The auditor-general’s office was providing feedback to the House finance committee, which is currently assessing a government bill on the state-guaranteed loans.
In a statement, the Audit Office said the proposed amount of up to €2 billion in state-guaranteed loans “needs further substantiation, taking into account that according to the latest data…at the end of the second quarter of 2019 private debt in Cyprus stood at 267 per cent of GDP, the second highest in the EU.”
Flagging the possibility of moral hazard, the Audit Office said it’s particularly wary of provisions in the legislation which would allow the state to guarantee loans that aren’t backed up by collateral.

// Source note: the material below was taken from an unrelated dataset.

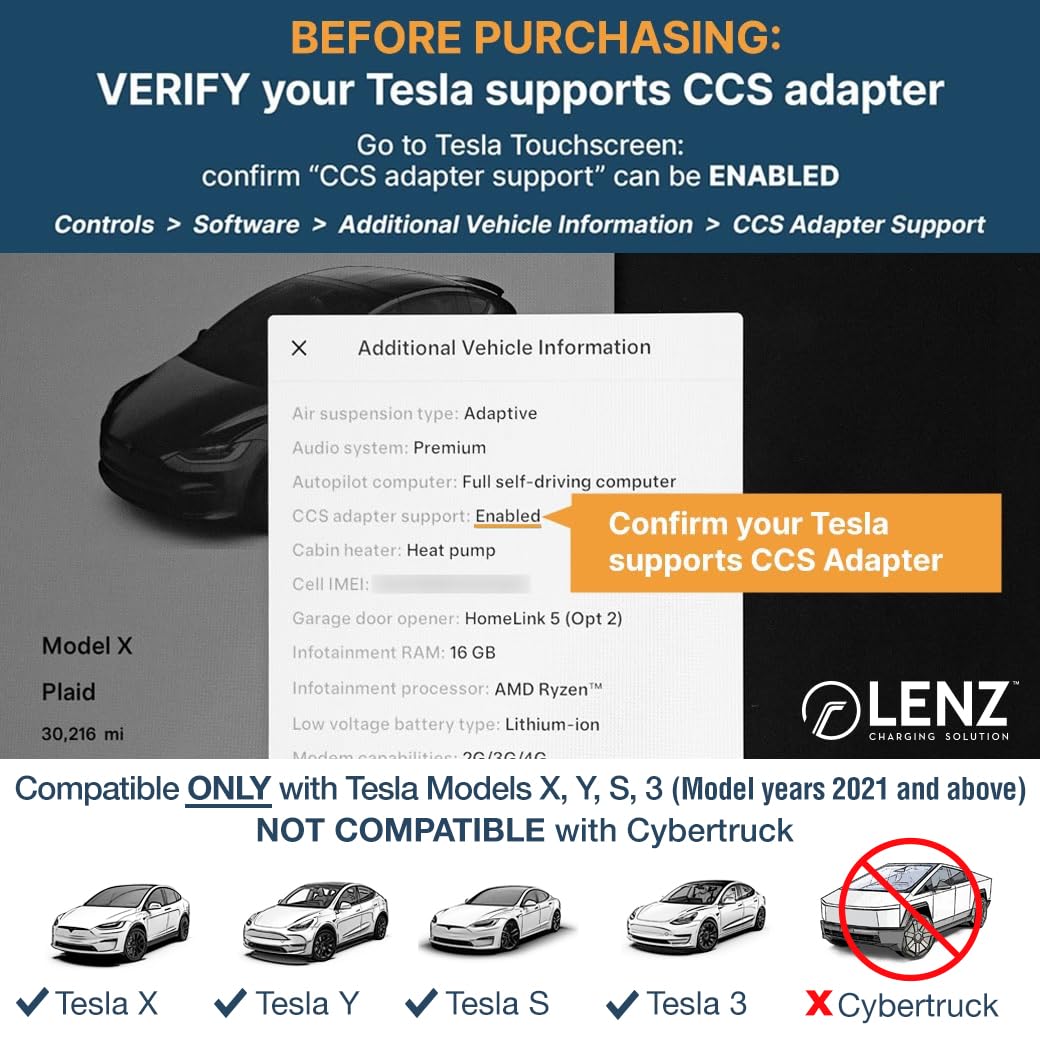 Q: What should I check before using the LENZ CCS1 to Tesla Adapter with my Tesla?A: Before using the adapter, verify that your Tesla is CCS enabled by checking the settings in your vehicle: Controls > Software > Additional Vehicle Information > CCS Adapter Support. Typically, this applies to model years 2021 and newer.

“In our view, were the House of Representatives to agree in principle to the granting of loans without collateral, this should apply only to self-employed persons or very small businesses, and a cap should be placed on the amount of the loan without collateral.”
The watchdog further drew attention to the clause in the bill allowing the state to cover up to 70 per cent of potential losses to the banks.
As it stands, the bill states that this parameter (the 70 per cent coverage) can be amended, and that any such change requires only a decree issued by the finance minister.
The Audit Office disagreed with the finance minister being given this leeway.
For comparison purposes, it also cited data on similar state-guaranteed loan schemes promulgated by other EU countries.
Cyprus’ €2 billion in state-backed loans accounted for 9.5 per cent of GDP. France’s €300 billion accounted for 12.75 per cent of GDP; Germany’s €500 billion for 14.95 per cent of GDP; and Spain’s €20 billion for 1.66 per cent of GDP.